> [DATA BLOCK]
══════

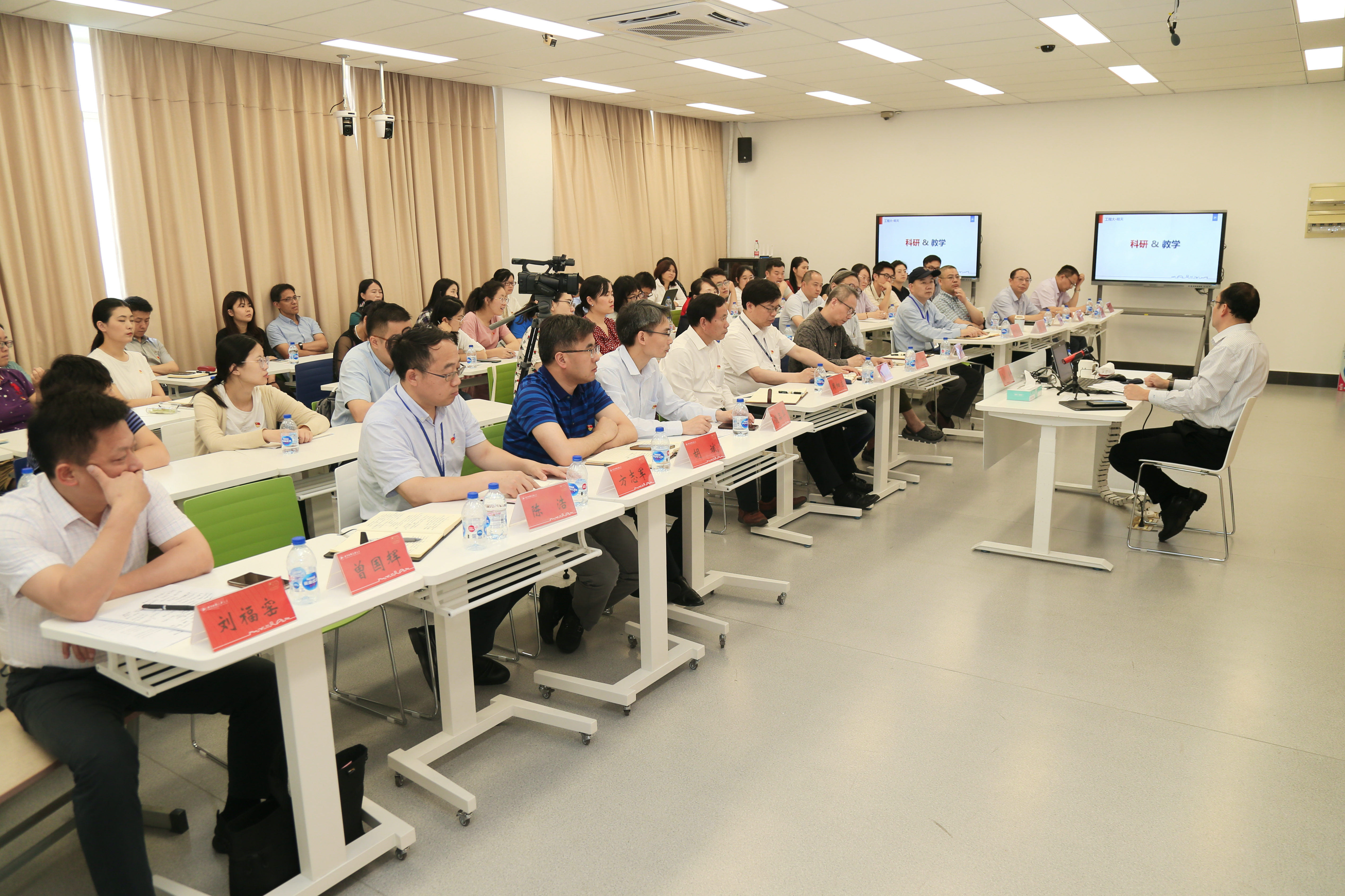 俞校长强调,大学发展要落实立德树人根本任务,立足学校特色,尊重教育规律,办理性的教育,负责任的教育,培养更多的应用型人才,更好的服务企业、行业、产业,把学校建成国内一流的高水平现代化工程应用型特色大学。俞校长最后寄语老师们,要干得更实,勇挑最重的担子、敢啃最难啃的骨头,愿大家一起奋斗,以扎实的政治执行力服务学校发展事业,让“工程大”成为“大成功”,以优异成绩庆祝建党100周年。
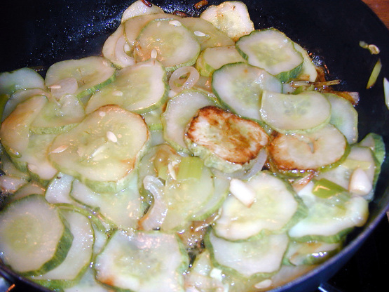 Faites chauffer une grande poêle antiadhésive et ajoutez de l'huile, du beurre et des concombres; Sauter à feu moyen-vif pendant 5 minutes en remuant TOUT le temps.
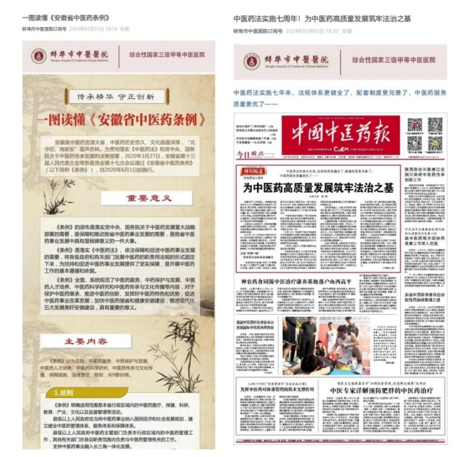 2024年7月1日是《中华人民共和国中医药法》实施七周年纪念日,今年也是《安徽省中医药条例》实施四周年。市中医医院通过在微信公众号推送相关知识科普,重点解读中医药法立法亮点和重大制度创新以及保护、扶持和促进中医药事业发展的精神实质,并在门诊大厅LED大屏滚动播放“一法一条例”宣传标语,不断扩大宣传覆盖面,全方位、多角度科普《中华人民共和国中医药法》与《安徽省中医药条例》相关知识,增强更多群众的中医药文化参与感、获得感和认同感。
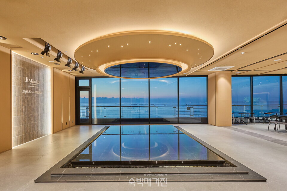 라마다 속초는 로비, 객실, 카페 등 대부분의 공간에서 오션뷰를 확보해 인테리어 전반에 걸쳐 바다라는 자원을 적극적으로 끌어들이고 있다. 투숙객들이 제일 먼저 체험하게 되는 로비는 높은 천장과 아치형 구조를 중심으로 설계되어 공간이 주는 개방감과 고급스러움을 극대화하고 있다. 바닥과 벽인 밝은 톤으로 마감해 시각적으로 넓고 환한 인상을 준다.

══════

> [WHAT IS BEING ASKED] Keep the pictures out of the copy and write out the data exactly as it stands.

> [RESULT BELOW]
 俞校长强调,大学发展要落实立德树人根本任务,立足学校特色,尊重教育规律,办理性的教育,负责任的教育,培养更多的应用型人才,更好的服务企业、行业、产业,把学校建成国内一流的高水平现代化工程应用型特色大学。俞校长最后寄语老师们,要干得更实,勇挑最重的担子、敢啃最难啃的骨头,愿大家一起奋斗,以扎实的政治执行力服务学校发展事业,让“工程大”成为“大成功”,以优异成绩庆祝建党100周年。
 Faites chauffer une grande poêle antiadhésive et ajoutez de l'huile, du beurre et des concombres; Sauter à feu moyen-vif pendant 5 minutes en remuant TOUT le temps.
 2024年7月1日是《中华人民共和国中医药法》实施七周年纪念日,今年也是《安徽省中医药条例》实施四周年。市中医医院通过在微信公众号推送相关知识科普,重点解读中医药法立法亮点和重大制度创新以及保护、扶持和促进中医药事业发展的精神实质,并在门诊大厅LED大屏滚动播放“一法一条例”宣传标语,不断扩大宣传覆盖面,全方位、多角度科普《中华人民共和国中医药法》与《安徽省中医药条例》相关知识,增强更多群众的中医药文化参与感、获得感和认同感。
 라마다 속초는 로비, 객실, 카페 등 대부분의 공간에서 오션뷰를 확보해 인테리어 전반에 걸쳐 바다라는 자원을 적극적으로 끌어들이고 있다. 투숙객들이 제일 먼저 체험하게 되는 로비는 높은 천장과 아치형 구조를 중심으로 설계되어 공간이 주는 개방감과 고급스러움을 극대화하고 있다. 바닥과 벽인 밝은 톤으로 마감해 시각적으로 넓고 환한 인상을 준다.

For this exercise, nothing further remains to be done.